Founded by Walter Gropius in Weimar in 1919, the Bauhaus was a utopian haven for avant-garde artists during the period of dramatic change and tenuous peace between the two world wars. United in their goal to create new art for a modern industrialized age, the Bauhaus artists, who included Wassily Kandinsky, Paul Klee, Lyonel Feininger, Josef Albers, Marcel Breuer, and Oskar Schlemmer, among others, embraced novel techniques and free experimentation. While architecture, graphic and furniture design, metalwork, weaving, and theater all had official workshops at the Bauhaus before 1929, photography was neither taught nor even organized as an extracurricular activity. Liberated from the requirements and expectations of a formal course, photography was practiced as a form of play; its myriad avenues for exploration and discovery enchanted Bauhaus masters and students alike. Boldly fusing ideas absorbed from Dada, Surrealism, Russian Constructivism, illustrated newspapers, avant-garde film, and even jazz, these artists created images that reflect both the dynamism and turbulence of the era and the optimism, energy, and experimental liberties of life and work at the Bauhaus.
Although Moholy-Nagy never formally taught photography during his years at the Bauhaus (1923–1928), he exerted enormous influence through his groundbreaking photographs and through his writings, in which he advocated unusual vantage points, extreme close-ups, radical cropping, negative printing, and cameraless photography. The fourteen works by Moholy-Nagy in the exhibition range from his astonishing new visions of the modern world, such as Pont Transbordeur, Marseilles (1929), to seductive and radiantly mysterious photograms. An extraordinary group of his nudes and negative prints are also on view: his Negative [Portrait of a Woman] (1927/28), with a reversal of tonalities and overhead viewpoint, creates a dreamlike image that belies its source in the ordinary world.
The work of the (then) adolescent student Lux Feininger, son of the painter and Bauhaus master Lyonel Feininger, was more lighthearted than that of the older master and theoretician Moholy-Nagy. Never without his camera, the young Lux, whose nickname is Latin for "light," roamed the school in search of activities he could transform into his characteristically exuberant views of student life, exemplified by the sprightly Jump over the Bauhaus (ca. 1927). He combined his love of photography and music in a suite of lively photographs of the Bauhaus jazz band; this includes an energetic rendering of his fellow band member Xanti Schawinsky with the New Saxophone (1928) and Charleston on the Bauhaus Roof (1927), a riff on youth and modern life. Like the spirited pictures that Jacques-Henri Lartigue made as a youth, Lux Feininger's photographs are witty, playful, irreverent, and extremely rare.
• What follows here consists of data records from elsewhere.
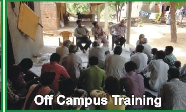
Off Campus Training
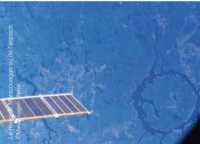
Le réservoir Manicouagan vu de l'espace.
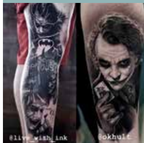
TATUERINGSSTUDIO KL. 14.00–22.00
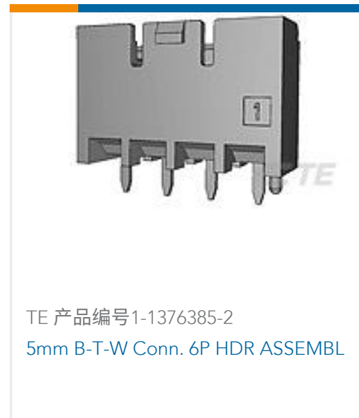
TE 产品编号1-1376385-2 5mm B-T-W Conn. 6P HDR ASSEMBL
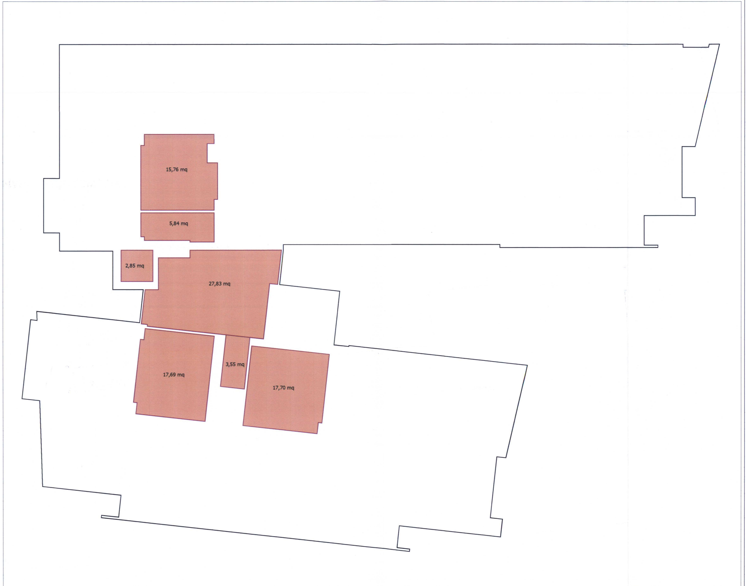
DETERMINAZIONE DELLE SUPERFICI PER LA VERIFICA DELLA CONGRUITA' DEI COSTI - PIANTE PIANO COPERTURE - SCALA 1:100
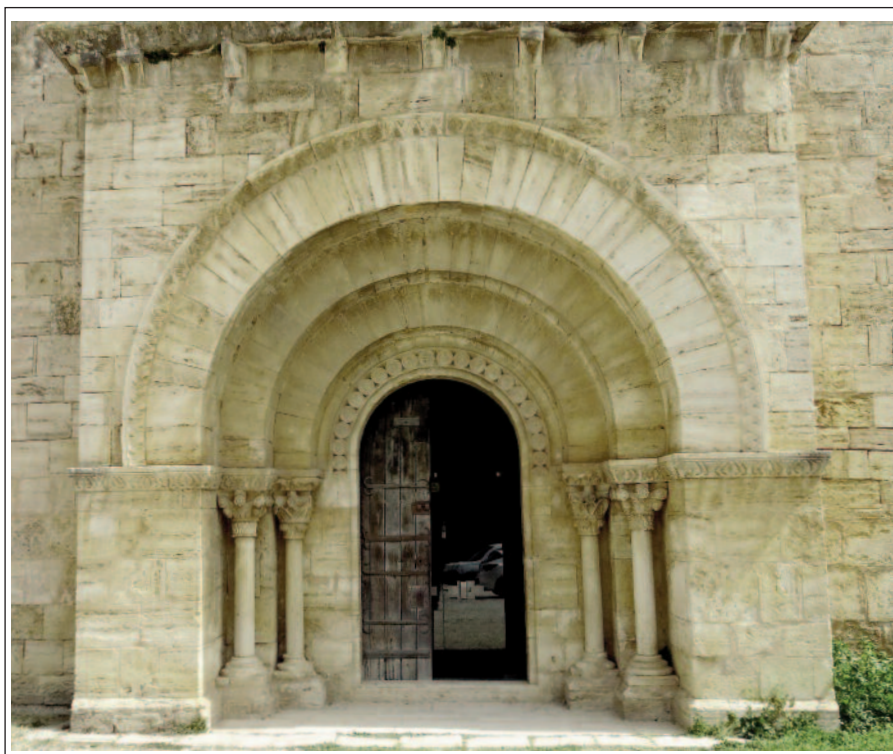
SANTA MARIA DE PORQUERES. Portalada.

Es va enderrocar el primitiu temple i se n'edificà un de nou, l'actual, encara que sembla que es van aprofitar algunes parts dels antics murs. L'acta de consagració de l'any 1182 cita la dedicació únicament a santa Maria; les seves importants possessions que amb els seus delmes li servien per a la seva subsistència; la creació d'una sagrera de trenta passes i la submissió de l'església a la jurisdicció de la seu de Girona. Actualment, el conjunt consta de l'església, a la seva dreta la rectoria i a l'esquerra el cementiri i un comunidor.
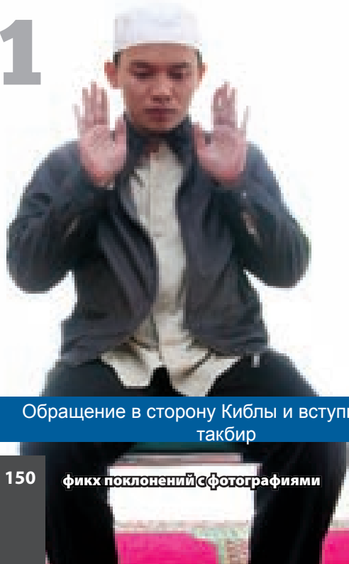
Обращение в сторону Киблы и вступительный такбир
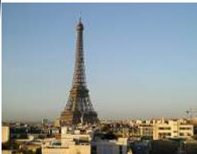
Παρίσι, Ο πύργος του Άιφελ

Η Γαλλία είναι μια πανέμορφη χώρα με πρωτεύουσα το Παρίσι. Για να φτάσει κάποιος στο Παρίσι μπορεί να πάρει το αεροπλάνο, που είναι το πιο γρήγορο μέσο, το τρένο και το αυτοκίνητο. Το Παρίσι αλλιώς ονομάζεται πόλη του φωτός και η ιστορία του, είναι μία από τις μεγαλύτερες σ' όλο τον κόσμο.

With more than twenty of his photographs included, "Dancing on the Roof" provides an in-depth display of his best work—a "mini exhibition" of a remarkable photographer who is relatively unknown but still lively at the age of ninety.
In addition to providing a fertile environment for the experiments of both the great theoretician and the teen-aged student, the Bauhaus nurtured the visions of many other talented photographers, including Umbo (Otto Umbehr), Lucia Moholy, Herbert Bayer, Irene Bayer, Florence Henri, Werner David Feist, Lyonel Feininger, and Josef Albers. Dizzying overhead shots, disconcerting night scenes, innovative industrial and architectural views, beach scenes, Bauhaus theater photographs, and a series of surprising portraits are among the highlights of the exhibition.